At a Glance
- Tasks: Build scalable AI systems for top global retail brands and optimise data pipelines.
- Company: Fast-growing startup redefining retail analytics through innovative AI solutions.
- Benefits: Remote work flexibility, competitive salary, and opportunities for professional growth.
- Why this job: Join a dynamic team and make a real impact in the retail industry with cutting-edge technology.
- Qualifications: 3+ years in data engineering or MLOps, strong Python skills, and cloud deployment experience.
- Other info: Collaborative environment with a focus on innovation and career advancement.
The predicted salary is between 48000 - 72000 £ per year.
Do you want to build agentic AI systems used by over 30 global retail brands?
Looking to scale ML/LLM products in a fast-growing, post-Series A startup?
Keen to work hands-on with MLOps, LLMs, and backend APIs in a high-impact role?
*The role is largely remote, but you must be open to visiting HQ in Bath, UK, 1-2 days a month*
We\’re working with a company that’s redefining retail analytics through AI. Their suite of intelligent tools—used by over 30 global brands—enhances merchandising, shopper journey planning, and range optimisation. Profitable from day one and now scaling fast, they’re growing their engineering team to meet rising client demand. This Senior AI Engineer will work across the business to ideate LLM use cases and own data pipelining, ML deployment and finetuning.
Responsibilities:
- Build scalable backend systems powering ML/LLM-driven tools
- Design and maintain CI/CD-enabled MLOps pipelines
- Develop robust APIs to serve production AI models
- Collaborate with data scientists and product teams
- Optimise big data and cloud infrastructure (Azure/GCP)
Requirements:
- 3+ years in data engineering or MLOps
- Strong Python and exposure to ML/AI libraries (e.g. PyTorch, HuggingFace)

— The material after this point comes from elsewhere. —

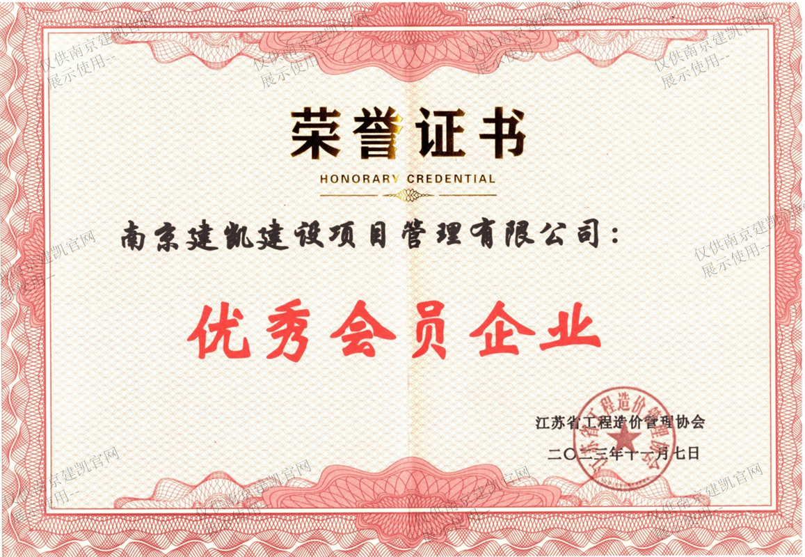 热烈祝贺我司荣获江苏省众博官网造价管理协会“优秀会员企业”

- Proficient with Airflow, DBT, Docker, Kubernetes
- Cloud deployment experience (Azure preferred)
- Backend/API development experience with client-facing exposure
Interested? Please apply below.
Senior AI Engineer - Retail AI employer: Harnham
Contact Detail:
Harnham Recruiting Team
StudySmarter Expert Advice 🤫
We think this is how you could land Senior AI Engineer - Retail AI
✨Tip Number 1
Network like a pro! Reach out to folks in the industry, especially those working with AI and retail. A friendly chat can lead to opportunities that aren’t even advertised yet.
✨Tip Number 2
Show off your skills! Create a portfolio showcasing your projects, especially those involving ML/LLM. This gives potential employers a taste of what you can do and sets you apart from the crowd.
✨Tip Number 3
Prepare for interviews by brushing up on your technical knowledge and problem-solving skills. Practice common coding challenges and be ready to discuss your past experiences with MLOps and backend systems.
✨Tip Number 4
Don’t forget to apply through our website! It’s the best way to ensure your application gets noticed. Plus, we love seeing candidates who are proactive about their job search.
We think you need these skills to ace Senior AI Engineer - Retail AI
Some tips for your application 🫡
Tailor Your CV: Make sure your CV highlights your experience with MLOps, ML/LLM products, and backend APIs. We want to see how your skills align with the role, so don’t be shy about showcasing relevant projects!
Craft a Compelling Cover Letter: Your cover letter is your chance to shine! Tell us why you’re excited about building AI systems for retail and how your background makes you the perfect fit. Keep it engaging and personal!
Showcase Your Technical Skills: We’re looking for strong Python skills and experience with tools like Airflow, Docker, and Kubernetes. Be sure to mention specific projects or achievements that demonstrate your expertise in these areas.
Apply Through Our Website: We encourage you to apply directly through our website. It’s the best way for us to receive your application and ensures you’re considered for this exciting opportunity. Don’t miss out!
How to prepare for a job interview at Harnham
✨Know Your Tech Stack
Make sure you’re well-versed in the technologies mentioned in the job description, like Python, MLOps tools, and cloud platforms. Brush up on your experience with libraries like PyTorch and HuggingFace, as well as your knowledge of CI/CD pipelines and API development.
✨Showcase Your Problem-Solving Skills
Prepare to discuss specific challenges you've faced in previous roles, especially related to data engineering or ML deployment. Think about how you optimised systems or improved processes, and be ready to share those stories during the interview.
✨Understand the Business Impact
Since this role is about building AI systems for retail, it’s crucial to understand how your work can enhance merchandising and shopper journeys. Research the company’s clients and think about how your contributions could directly impact their success.
✨Be Ready to Collaborate
This position involves working closely with data scientists and product teams. Prepare examples of how you’ve successfully collaborated in the past, and be ready to discuss how you would approach teamwork in this new role.